Several psychological theoreticians were to also fundamentally alter the way that modern man viewed his own internal reality, an unexplored heart of darkness. Sigmund Freud was the first to gaze inwardly and to discover a world within where dynamic, often warring forces shape the individual's psyche and personality. To explain this internal world within each of us, he developed a complex theory of the unconscious that illustrated the importance of unconscious motivation in behavior and the proposition that psychological events can go on outside of conscious awareness. And so, according to Freud, fantasies, dreams, and slips of the tongue are outward manifestations of unconscious motives. Furthermore, in explaining the development of personality, Freud expanded man's definition of sexuality to include oral, anal, and other bodily sensations. Thus his legacy to the modern world was to expose a darker side of man that had been hidden from view by the hypocrisy of 19th- century society.

 

Freud was not the only psychological theoretician who asked us to gaze inwardly to better understand the human psyche. His disciple, Carl Jung, was also to develop another theory delving into the unconscious which explored the nature of the irrational self and which explained the common grounds shared by so many cultures. Jung's Theory of the Collective Unconscious, about an area of the mind that he believed was shared by everyone, states that there are patterns of behavior or actions and reactions of the psyche which he calls archetypes that are determined by race. These instinctive, universal patterns manifest themselves in dreams, visions, and fantasies and are expressed in myths, religious concepts, fairy tales, and works of art.

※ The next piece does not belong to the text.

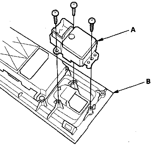 2. Remove the three mounting screws, then remove the back window switch (A) from the switch panel (B).

The French philosopher Henry Bergson was also to turn his gaze to the unconscious to explore the nature of memory as experienced in the present moment. Bergson's Time and the Free Will was an attempt to establish the notion of duration, or lived time, as opposed to what he viewed as the spatialized conception of time measured by the clock and commonly known as chronological time. According to Bergson, states of conscious memory permeate one another in storage within the unconscious, in the same way that "oldie-goldies" are stored in a juke-box. A sense impression, such as whiff of cologne or the taste of sweet potato pie, might trigger consciousness to recall one of these memories, much like a coin will cause the record of your choice to play. Once the submerged memory resurfaces in the conscious mind, the self becomes suspended, there might be a spontaneous flash of intuition about the past, and just maybe, this insight will translate into some kind of realization of the present moment. In fact, isn't this what we do when we listen to an old song, forget the present, re-experience the past, and, then, all of a sudden, apply it all to our lives in the present? And thus, intuition leads to knowledge.

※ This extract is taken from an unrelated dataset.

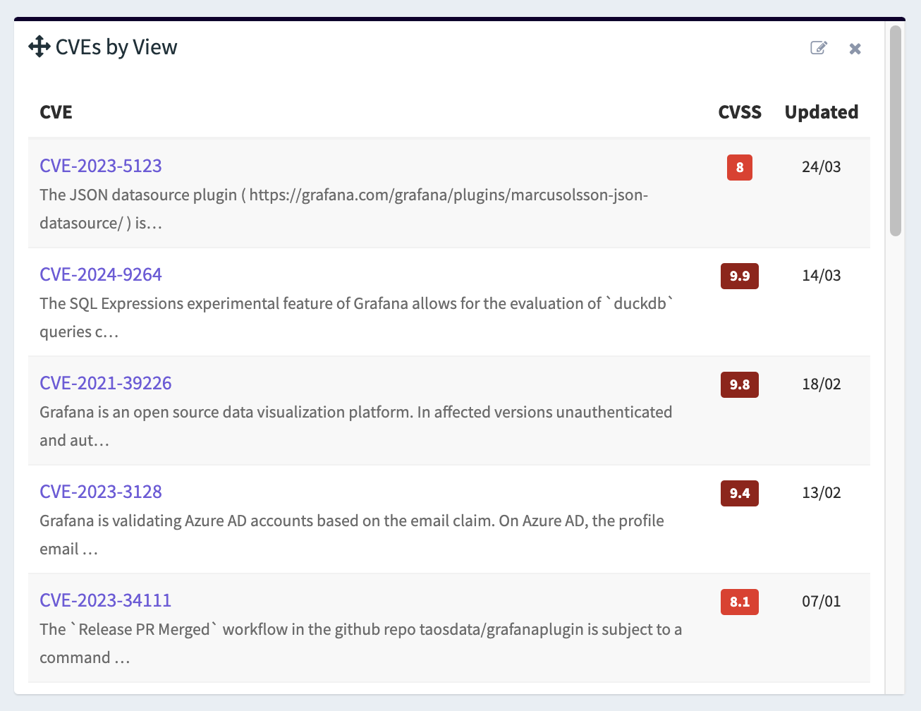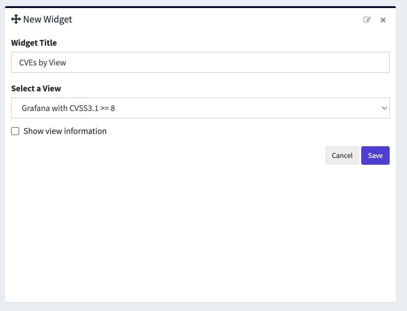This view can then be added as a widget to your dashboard with the CVEs by View widget.

Politics and the economy would also transform the way that modern man looked at himself and the world in which he lived. Science and technology were radically changing the means of production. Whereas in the past, a worker became involved in production from beginning to end, by 1900 he had become a mere cog in the production line, making an insignificant contribution. Thus, division of labor made him feel fragmented, alienated not only from the rest of society but from himself. One of the effects of this fragmentation was the consolidation of workers into political parties that threatened the upper classes. And, thus, the new political idealism that was to culminate in the Russian Revolution that swept through Europe.